# YOUR ASSIGNMENT
The answer must consist solely of the lines below starting at the one containing "วันนี้ 12/04/61 เวลา" and ending at the one containing "The ground floor", repeated exactly, with both ends included and all pictures omitted.

[PROVIDED DATA]

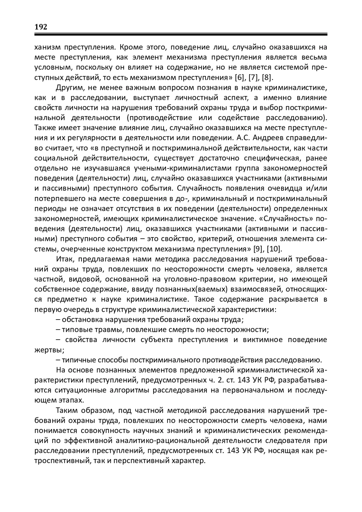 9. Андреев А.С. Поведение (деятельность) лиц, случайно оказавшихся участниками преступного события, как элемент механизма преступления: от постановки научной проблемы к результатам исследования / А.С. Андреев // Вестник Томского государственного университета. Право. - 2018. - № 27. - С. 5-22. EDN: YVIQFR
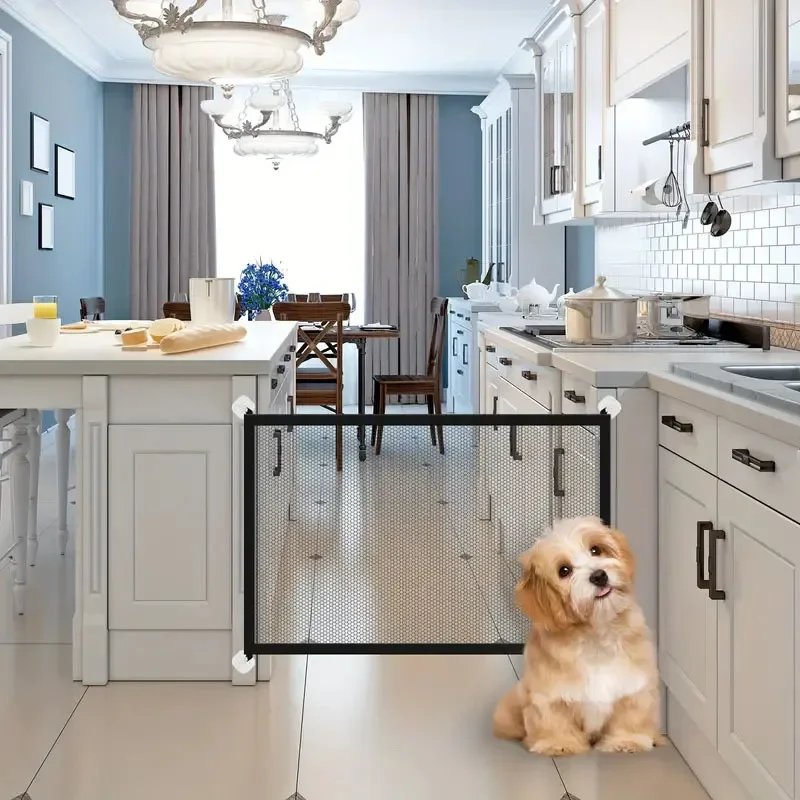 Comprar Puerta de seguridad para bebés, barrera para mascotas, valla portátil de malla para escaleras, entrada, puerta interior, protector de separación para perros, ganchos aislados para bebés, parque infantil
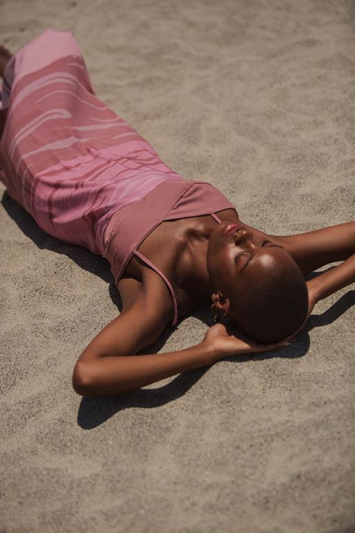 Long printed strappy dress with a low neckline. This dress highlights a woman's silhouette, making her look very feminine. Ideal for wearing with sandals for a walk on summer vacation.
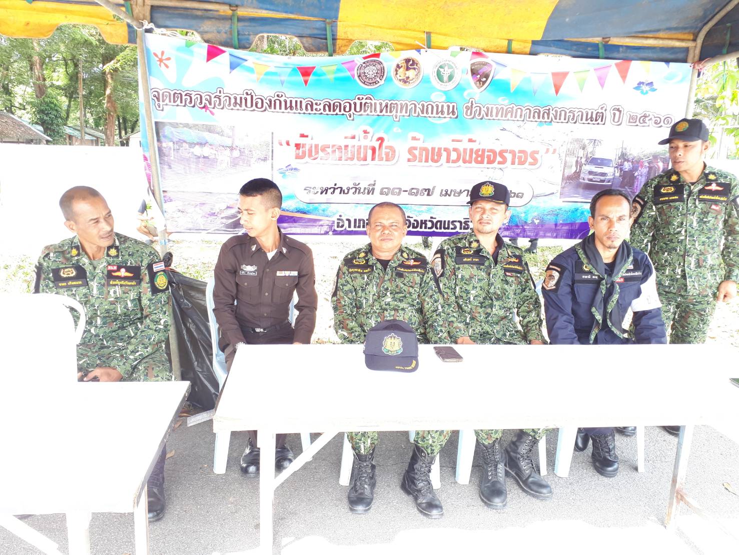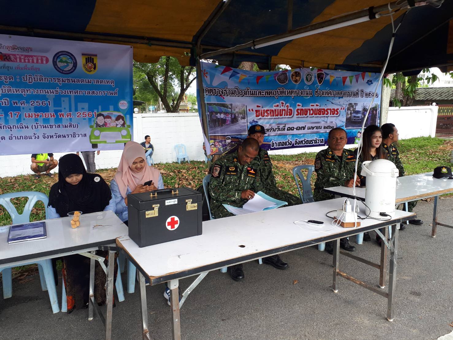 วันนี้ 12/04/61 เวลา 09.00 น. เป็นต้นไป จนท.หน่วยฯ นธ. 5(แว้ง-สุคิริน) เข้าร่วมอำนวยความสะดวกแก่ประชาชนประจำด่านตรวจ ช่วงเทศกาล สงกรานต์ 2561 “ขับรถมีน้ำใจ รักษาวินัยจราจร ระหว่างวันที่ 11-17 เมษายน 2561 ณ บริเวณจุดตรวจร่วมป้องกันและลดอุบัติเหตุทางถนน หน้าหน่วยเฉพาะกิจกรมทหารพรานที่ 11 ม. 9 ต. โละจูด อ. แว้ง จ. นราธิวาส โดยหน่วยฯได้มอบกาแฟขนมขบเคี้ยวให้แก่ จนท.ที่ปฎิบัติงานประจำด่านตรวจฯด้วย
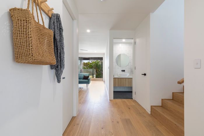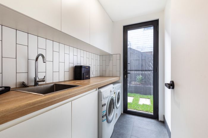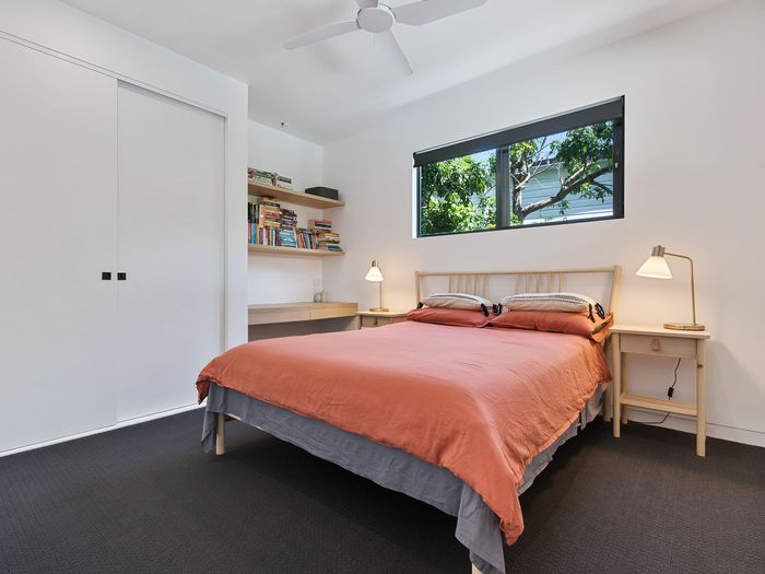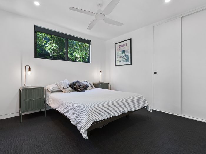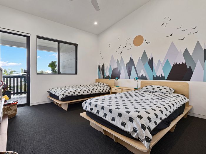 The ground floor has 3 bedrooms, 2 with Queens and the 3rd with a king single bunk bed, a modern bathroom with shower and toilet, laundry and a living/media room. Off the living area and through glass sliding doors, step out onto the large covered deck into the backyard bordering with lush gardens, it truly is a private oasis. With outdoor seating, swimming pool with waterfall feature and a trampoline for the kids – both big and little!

[/PROVIDED DATA]
[PROVIDED DATA]

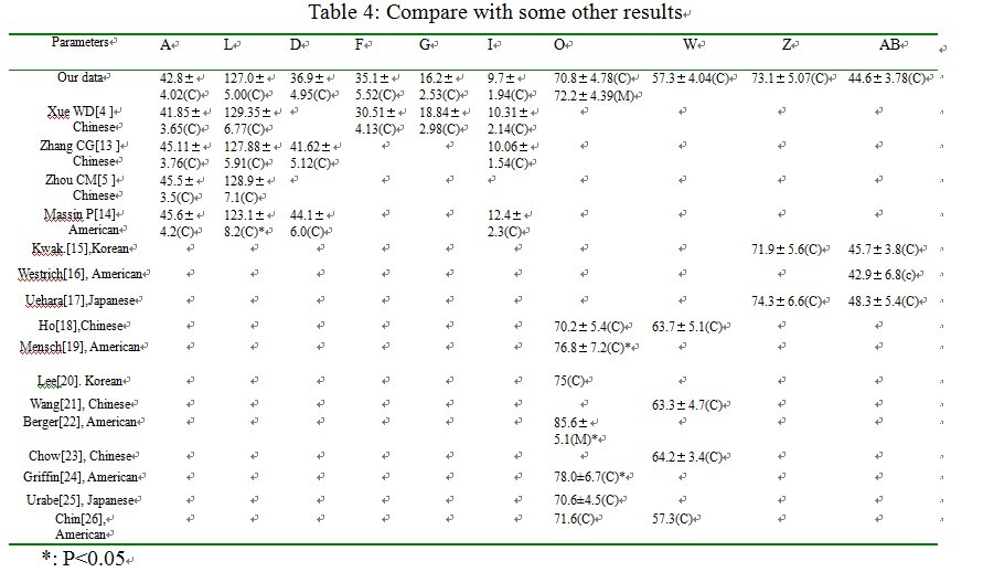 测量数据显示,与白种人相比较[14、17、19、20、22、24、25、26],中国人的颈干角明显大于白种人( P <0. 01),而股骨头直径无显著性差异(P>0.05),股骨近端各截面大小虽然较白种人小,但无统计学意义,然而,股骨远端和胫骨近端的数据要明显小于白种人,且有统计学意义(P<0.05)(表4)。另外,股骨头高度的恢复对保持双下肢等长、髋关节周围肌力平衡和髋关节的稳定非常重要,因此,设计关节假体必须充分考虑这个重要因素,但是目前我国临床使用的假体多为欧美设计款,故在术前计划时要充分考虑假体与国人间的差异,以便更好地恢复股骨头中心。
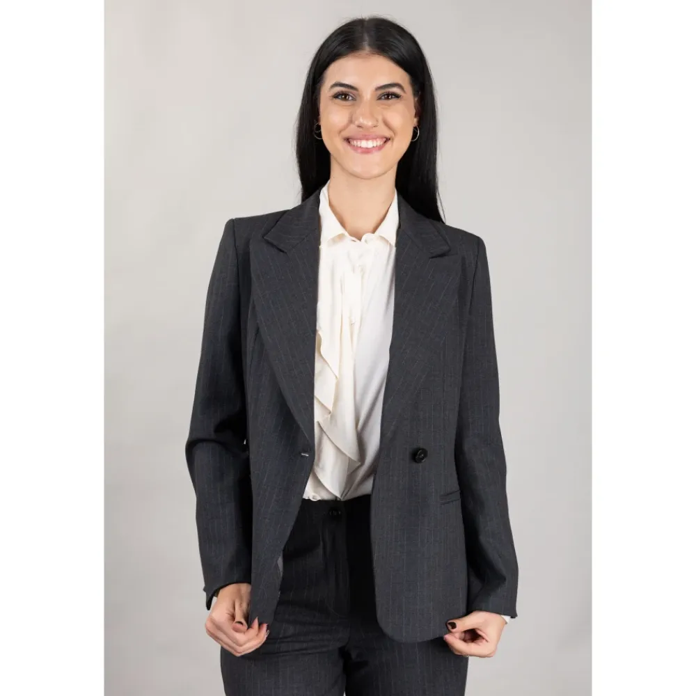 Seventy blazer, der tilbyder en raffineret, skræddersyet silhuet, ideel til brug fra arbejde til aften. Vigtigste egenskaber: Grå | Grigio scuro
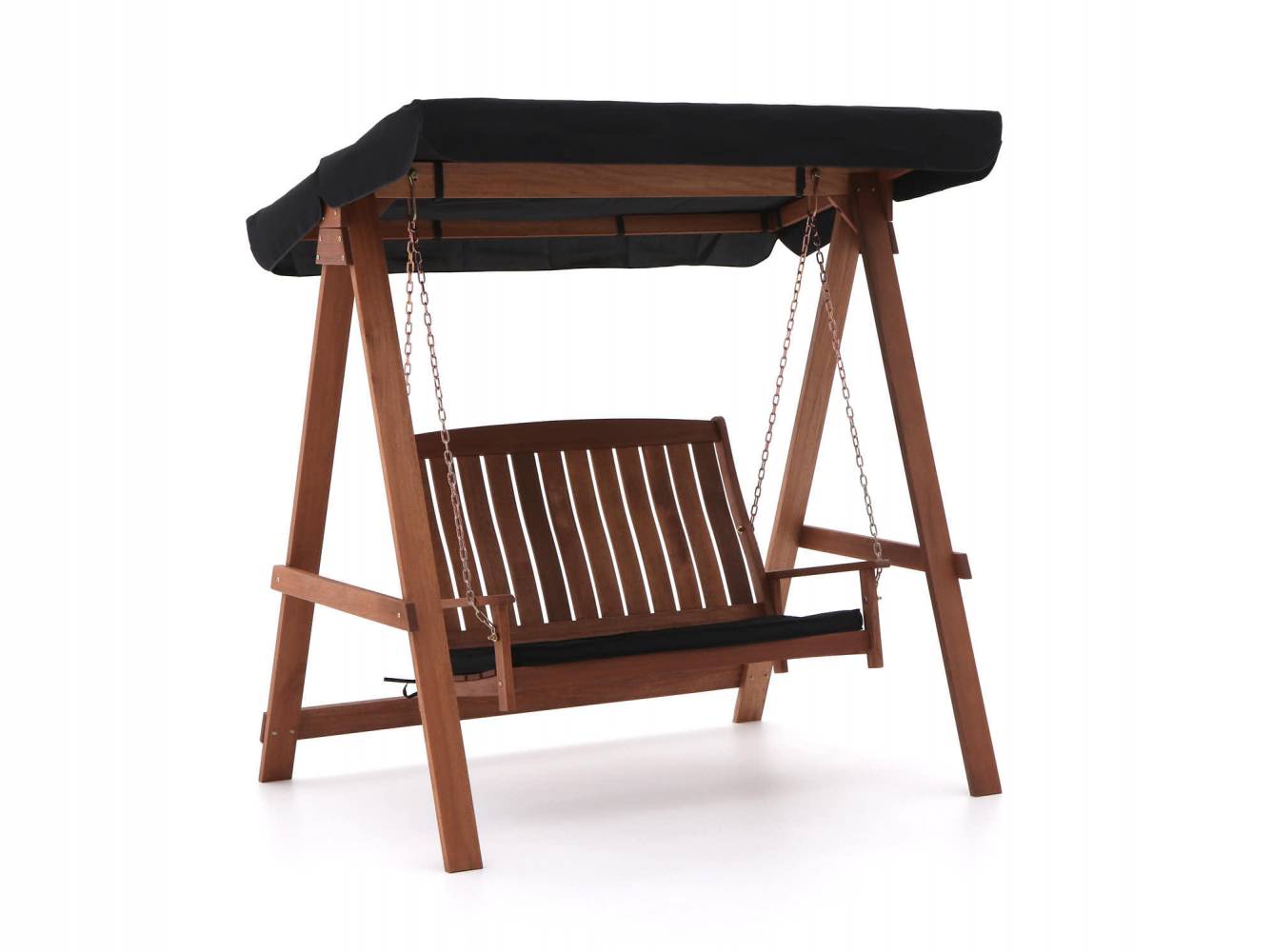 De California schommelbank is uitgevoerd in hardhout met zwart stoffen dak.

[/PROVIDED DATA]

# EXERCISE SOLUTION
 วันนี้ 12/04/61 เวลา 09.00 น. เป็นต้นไป จนท.หน่วยฯ นธ. 5(แว้ง-สุคิริน) เข้าร่วมอำนวยความสะดวกแก่ประชาชนประจำด่านตรวจ ช่วงเทศกาล สงกรานต์ 2561 “ขับรถมีน้ำใจ รักษาวินัยจราจร ระหว่างวันที่ 11-17 เมษายน 2561 ณ บริเวณจุดตรวจร่วมป้องกันและลดอุบัติเหตุทางถนน หน้าหน่วยเฉพาะกิจกรมทหารพรานที่ 11 ม. 9 ต. โละจูด อ. แว้ง จ. นราธิวาส โดยหน่วยฯได้มอบกาแฟขนมขบเคี้ยวให้แก่ จนท.ที่ปฎิบัติงานประจำด่านตรวจฯด้วย
 The ground floor has 3 bedrooms, 2 with Queens and the 3rd with a king single bunk bed, a modern bathroom with shower and toilet, laundry and a living/media room. Off the living area and through glass sliding doors, step out onto the large covered deck into the backyard bordering with lush gardens, it truly is a private oasis. With outdoor seating, swimming pool with waterfall feature and a trampoline for the kids – both big and little!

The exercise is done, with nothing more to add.